### Data extract:
.....
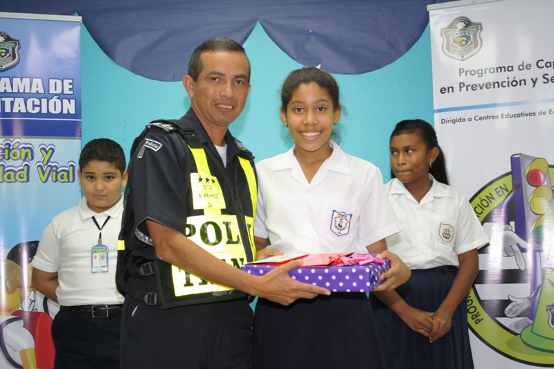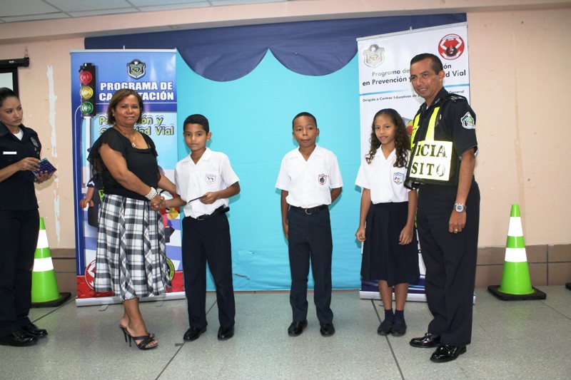 La Dirección Nacional de Operaciones de Tránsito realizó en el Instituto Bolívar, la eliminatoria de la Región de Panamá Centro del Primer Concurso de Oratoria, tema “Prevención y Seguridad Vial” quien estuvo bendicida por el Capellán de la Policia Edgar Flores, además se contó con la participación de los jueces el Comisionado Roger Franco, Subdirector Nacional de esta Dirección, y las educadoras, Daylis Franco, y Yadira de Mejías. Esta eliminatoria tuvo como objetivo el desarrollo de competencias básicas para la vida, poniendo énfasis en la preparación del ciudadano, para que puedan comprender las regulaciones y los riesgos de las diferentes situaciones de tránsito en las que pueden participar en un futuro y ampliar a los niños su capacidad de comunicación, pensamiento, expresión de sus sentimientos, inquietudes, intereses, vivencias y creatividad a través del arte de la oratoria. En la eliminatoria participaron 13 niños resultando con el primer lugar Eliceo Alexander Bonilla Pinto, del Centro Educativo Instituto Nuestra Señora De La Merced, en Segundo lugar Dalismara Sayed, del Centro Educativo Veracruz y el Tercer lugar Arianis Cañizales de la Escuela José María Torrijos, quienes recibieron obsequios y certificados de regalos. Por su participación se les hizo entrega a los 10 niños restantes de un incentivo, por su esfuerzo realizado, llegar hasta la final, los convierte a todos en ganadores. Dentro del concurso se hizo énfasis en el mensaje que eleva la Organización Mundial de la Salud, (OMS) con respecto a los accidentes de tránsito. que para esta organización es una de las principales causas de muerte; es por ello, que desde temprana edad se busca mantener una conducta correcta en las vías públicas, a través de estímulos en educación vial contribuyendo así, a brindarles aprendizajes, el respeto a las leyes y normas vigentes de tránsito y prevenir estos hechos |
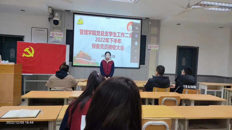 12月5日下午,管理学院党总支学生工作一支部预、二支部预备党员接收大会分别在临渭校区A602教室、B200教室线上线下同时召开。会议讨论接收一支部李江欣等14名同志、二支部杨云等28名同志为预备党员相关事宜,大会分别由党支部书记张雅丽、雷赐涛主持,支部教师、学生党员参会。
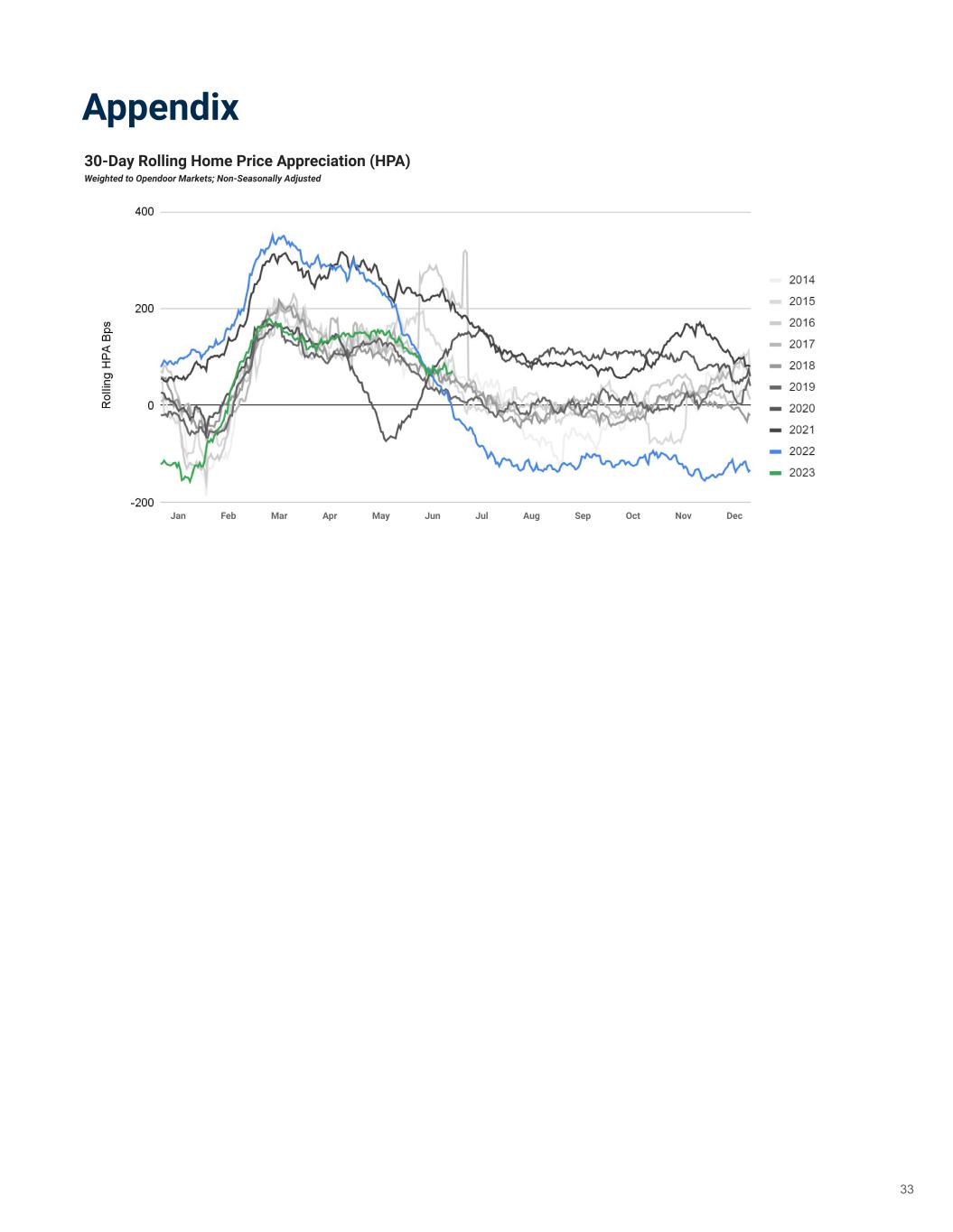 Appendix 30-Day Rolling Home Price Appreciation (HPA) Weighted to Opendoor Markets; Non-Seasonally Adjusted Jan Feb Mar Apr May Jun Jul Aug Sep Oct Nov Dec 33
.....
### Aim of the exercise:
Output, word for word, the full listing above, with no pictures.

### Response to the exercise:
 La Dirección Nacional de Operaciones de Tránsito realizó en el Instituto Bolívar, la eliminatoria de la Región de Panamá Centro del Primer Concurso de Oratoria, tema “Prevención y Seguridad Vial” quien estuvo bendicida por el Capellán de la Policia Edgar Flores, además se contó con la participación de los jueces el Comisionado Roger Franco, Subdirector Nacional de esta Dirección, y las educadoras, Daylis Franco, y Yadira de Mejías. Esta eliminatoria tuvo como objetivo el desarrollo de competencias básicas para la vida, poniendo énfasis en la preparación del ciudadano, para que puedan comprender las regulaciones y los riesgos de las diferentes situaciones de tránsito en las que pueden participar en un futuro y ampliar a los niños su capacidad de comunicación, pensamiento, expresión de sus sentimientos, inquietudes, intereses, vivencias y creatividad a través del arte de la oratoria. En la eliminatoria participaron 13 niños resultando con el primer lugar Eliceo Alexander Bonilla Pinto, del Centro Educativo Instituto Nuestra Señora De La Merced, en Segundo lugar Dalismara Sayed, del Centro Educativo Veracruz y el Tercer lugar Arianis Cañizales de la Escuela José María Torrijos, quienes recibieron obsequios y certificados de regalos. Por su participación se les hizo entrega a los 10 niños restantes de un incentivo, por su esfuerzo realizado, llegar hasta la final, los convierte a todos en ganadores. Dentro del concurso se hizo énfasis en el mensaje que eleva la Organización Mundial de la Salud, (OMS) con respecto a los accidentes de tránsito. que para esta organización es una de las principales causas de muerte; es por ello, que desde temprana edad se busca mantener una conducta correcta en las vías públicas, a través de estímulos en educación vial contribuyendo así, a brindarles aprendizajes, el respeto a las leyes y normas vigentes de tránsito y prevenir estos hechos |
 12月5日下午,管理学院党总支学生工作一支部预、二支部预备党员接收大会分别在临渭校区A602教室、B200教室线上线下同时召开。会议讨论接收一支部李江欣等14名同志、二支部杨云等28名同志为预备党员相关事宜,大会分别由党支部书记张雅丽、雷赐涛主持,支部教师、学生党员参会。
 Appendix 30-Day Rolling Home Price Appreciation (HPA) Weighted to Opendoor Markets; Non-Seasonally Adjusted Jan Feb Mar Apr May Jun Jul Aug Sep Oct Nov Dec 33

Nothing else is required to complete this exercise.